If it is not obvious what I want: I would like to change get_evens signature so that it is template templated on array size N and that it takes 1 argument of type const std::array<int, N>&.

The error message when I change arr to be an function argument isn't helpful:

prog.cc:25:21: note: initializer of 'cnt' is not a constant expression prog.cc:19:19: note: declared here constexpr int cnt = [&arr, &is_even]()constexpr {

Answer 1

A function argument is never a constant expression, even if a function is used in constexpr context:

constexpr int foo(int i)
{
    // i is not a constexpr
    return i + 1;
}

constexpr auto i = 1;
constexpr auto j = foo(i);    

To mimic a constexpr argument, use a template parameter:

template<int i>
constexpr int foo()
{
    // i is constexpr
    return i + 1;
}

constexpr auto i = 1;
constexpr auto j = foo<i>();

A possible solution is to use std::integer_sequence to encode integers into a type:

#include <array>
#include <iostream>
#include <type_traits>

template<typename P, typename Y, int... elements>
constexpr void copy_if_impl(P p, Y yi3ld, std::integer_sequence<int, elements...>) {
    ((p(elements) && (yi3ld(elements), true)), ...);
}

template<typename arr_t, typename P, typename Y>
constexpr void copy_if(P p, Y yi3ld) {
    copy_if_impl(p, yi3ld, arr_t{});
}

template<typename arr_t>
constexpr auto get_evens(){
    constexpr auto is_even = [](const int i) constexpr { return i % 2 == 0; };
    constexpr int cnt = [&is_even]() constexpr {
        int cnt = 0;
        auto increment = [&cnt](const auto&) { cnt++; };
        copy_if<arr_t>(is_even, increment);
        return cnt;
    }();

    std::array<int, cnt> result{};
    int idx = 0;
    copy_if<arr_t>(is_even, [&result, &idx](const auto& val) {
        result[idx++] = val; });
    return result;
}

int main()
{
    using arr = std::integer_sequence<int, 11, 22, 33, 44, 55>;
    for (const int i : get_evens<arr>()) {
        std::cout << i << " " << std::endl;
    }
}

Addition suggested by Constantinos Glynos.

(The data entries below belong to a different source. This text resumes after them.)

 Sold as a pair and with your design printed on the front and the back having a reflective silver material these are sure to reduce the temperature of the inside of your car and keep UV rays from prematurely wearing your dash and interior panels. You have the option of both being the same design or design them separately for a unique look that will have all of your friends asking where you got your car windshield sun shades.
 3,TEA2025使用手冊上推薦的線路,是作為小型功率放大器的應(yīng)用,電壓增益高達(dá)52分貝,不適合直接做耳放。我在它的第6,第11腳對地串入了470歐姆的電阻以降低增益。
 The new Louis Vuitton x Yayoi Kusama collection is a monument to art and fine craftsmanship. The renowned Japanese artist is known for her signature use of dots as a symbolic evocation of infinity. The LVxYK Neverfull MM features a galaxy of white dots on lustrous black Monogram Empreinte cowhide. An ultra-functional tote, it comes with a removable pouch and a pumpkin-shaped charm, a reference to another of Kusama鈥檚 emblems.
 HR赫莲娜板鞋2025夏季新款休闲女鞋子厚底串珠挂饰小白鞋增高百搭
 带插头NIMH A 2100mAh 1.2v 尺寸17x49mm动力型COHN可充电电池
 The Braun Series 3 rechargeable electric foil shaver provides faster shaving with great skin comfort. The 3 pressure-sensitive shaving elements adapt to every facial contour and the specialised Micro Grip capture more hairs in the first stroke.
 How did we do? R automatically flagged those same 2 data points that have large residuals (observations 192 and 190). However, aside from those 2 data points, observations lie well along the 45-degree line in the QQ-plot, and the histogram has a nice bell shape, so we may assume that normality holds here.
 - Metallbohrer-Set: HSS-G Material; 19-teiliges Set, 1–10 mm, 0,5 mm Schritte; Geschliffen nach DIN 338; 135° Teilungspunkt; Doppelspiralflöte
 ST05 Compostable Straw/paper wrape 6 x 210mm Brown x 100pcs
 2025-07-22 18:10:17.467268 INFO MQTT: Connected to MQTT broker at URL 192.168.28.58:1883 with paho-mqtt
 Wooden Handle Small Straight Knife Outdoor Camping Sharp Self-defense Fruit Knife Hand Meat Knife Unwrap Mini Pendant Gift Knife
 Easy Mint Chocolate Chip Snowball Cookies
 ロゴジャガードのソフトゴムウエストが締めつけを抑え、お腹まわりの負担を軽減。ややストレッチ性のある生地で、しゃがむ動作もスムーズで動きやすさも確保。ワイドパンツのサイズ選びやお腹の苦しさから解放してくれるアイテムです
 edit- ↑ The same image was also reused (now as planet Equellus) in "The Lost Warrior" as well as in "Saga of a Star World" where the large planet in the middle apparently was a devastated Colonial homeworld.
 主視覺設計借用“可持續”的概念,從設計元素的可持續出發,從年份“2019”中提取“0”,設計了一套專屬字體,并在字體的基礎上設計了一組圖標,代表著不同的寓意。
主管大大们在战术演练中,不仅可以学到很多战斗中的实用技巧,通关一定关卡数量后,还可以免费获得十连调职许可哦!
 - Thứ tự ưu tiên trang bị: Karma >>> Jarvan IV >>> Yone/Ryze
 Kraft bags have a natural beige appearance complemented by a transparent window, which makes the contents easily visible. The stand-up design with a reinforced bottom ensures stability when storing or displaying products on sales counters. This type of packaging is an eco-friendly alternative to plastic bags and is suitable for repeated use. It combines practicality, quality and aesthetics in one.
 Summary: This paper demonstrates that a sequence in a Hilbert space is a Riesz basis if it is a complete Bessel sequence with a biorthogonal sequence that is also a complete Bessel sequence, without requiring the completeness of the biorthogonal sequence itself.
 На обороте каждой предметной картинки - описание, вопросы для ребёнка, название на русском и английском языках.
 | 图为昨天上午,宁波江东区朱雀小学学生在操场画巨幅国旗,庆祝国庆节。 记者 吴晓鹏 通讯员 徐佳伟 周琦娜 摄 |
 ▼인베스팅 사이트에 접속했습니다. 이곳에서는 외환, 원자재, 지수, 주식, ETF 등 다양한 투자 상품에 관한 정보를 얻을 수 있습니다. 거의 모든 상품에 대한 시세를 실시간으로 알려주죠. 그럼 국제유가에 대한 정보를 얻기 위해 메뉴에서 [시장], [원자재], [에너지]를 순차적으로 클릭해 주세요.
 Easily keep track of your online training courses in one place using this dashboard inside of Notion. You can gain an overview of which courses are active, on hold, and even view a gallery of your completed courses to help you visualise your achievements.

From Effective Modern C++ book by Scott Meyers, item 15, p.98:

• constexpr functions can be used in contexts that demand compile-time constants. If the values of the arguments you pass to a constexpr function in such a context are known during compilation, the result will be computed during compilation. If any of the arguments’ values is not known during compilation, your code will be rejected.
• When a constexpr function is called with one or more values that are not known during compilation, it acts like a normal function, computing its result at runtime. This means you don’t need two functions to perform the same operation, one for compile-time constants and one for all other values. The constexpr function does it all.